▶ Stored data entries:

——————————

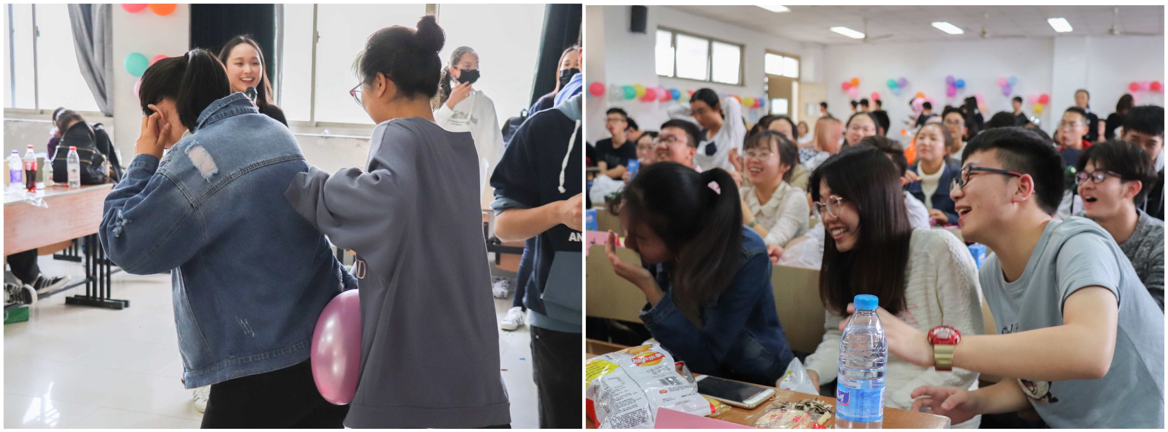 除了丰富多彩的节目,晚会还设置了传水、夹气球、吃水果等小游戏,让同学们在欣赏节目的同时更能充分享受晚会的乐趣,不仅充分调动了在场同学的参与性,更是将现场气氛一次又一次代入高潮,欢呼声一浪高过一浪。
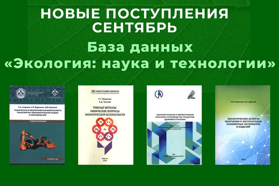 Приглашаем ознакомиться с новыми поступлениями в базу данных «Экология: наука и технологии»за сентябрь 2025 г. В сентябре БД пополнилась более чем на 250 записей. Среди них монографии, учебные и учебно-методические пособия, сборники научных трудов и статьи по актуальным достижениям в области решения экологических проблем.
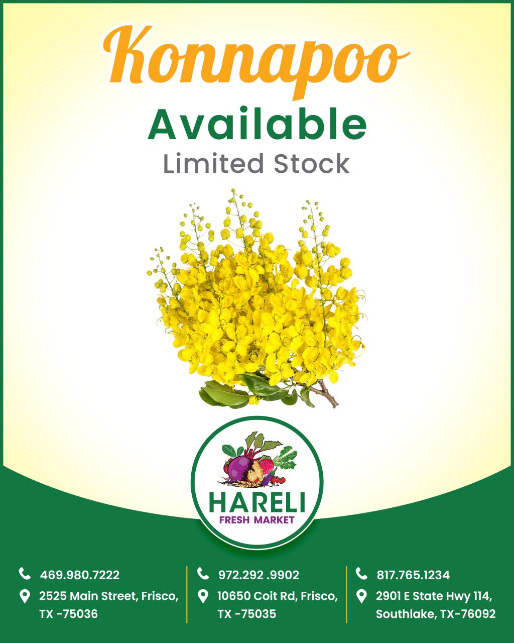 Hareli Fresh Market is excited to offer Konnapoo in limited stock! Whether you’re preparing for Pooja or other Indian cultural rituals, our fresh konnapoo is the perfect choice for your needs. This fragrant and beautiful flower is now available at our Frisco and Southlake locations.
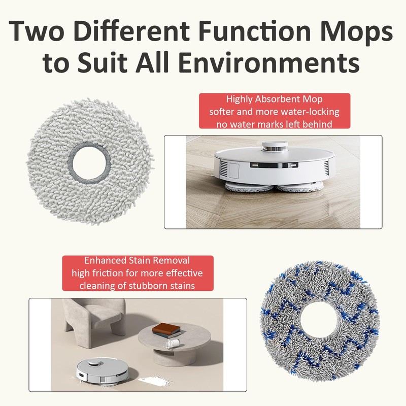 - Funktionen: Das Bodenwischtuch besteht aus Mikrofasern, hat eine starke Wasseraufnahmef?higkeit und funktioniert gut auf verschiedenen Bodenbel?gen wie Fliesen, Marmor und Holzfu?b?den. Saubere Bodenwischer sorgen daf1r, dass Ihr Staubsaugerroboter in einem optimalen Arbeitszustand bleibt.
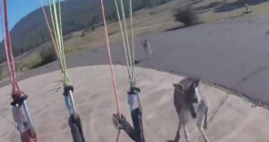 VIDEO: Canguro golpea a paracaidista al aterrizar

——————————

▶ Task requirements: Write out every entry above exactly as it stands, minus the pictures.

▶ Solution to the exercise:
 除了丰富多彩的节目,晚会还设置了传水、夹气球、吃水果等小游戏,让同学们在欣赏节目的同时更能充分享受晚会的乐趣,不仅充分调动了在场同学的参与性,更是将现场气氛一次又一次代入高潮,欢呼声一浪高过一浪。
 Приглашаем ознакомиться с новыми поступлениями в базу данных «Экология: наука и технологии»за сентябрь 2025 г. В сентябре БД пополнилась более чем на 250 записей. Среди них монографии, учебные и учебно-методические пособия, сборники научных трудов и статьи по актуальным достижениям в области решения экологических проблем.
 Hareli Fresh Market is excited to offer Konnapoo in limited stock! Whether you’re preparing for Pooja or other Indian cultural rituals, our fresh konnapoo is the perfect choice for your needs. This fragrant and beautiful flower is now available at our Frisco and Southlake locations.
 - Funktionen: Das Bodenwischtuch besteht aus Mikrofasern, hat eine starke Wasseraufnahmef?higkeit und funktioniert gut auf verschiedenen Bodenbel?gen wie Fliesen, Marmor und Holzfu?b?den. Saubere Bodenwischer sorgen daf1r, dass Ihr Staubsaugerroboter in einem optimalen Arbeitszustand bleibt.
 VIDEO: Canguro golpea a paracaidista al aterrizar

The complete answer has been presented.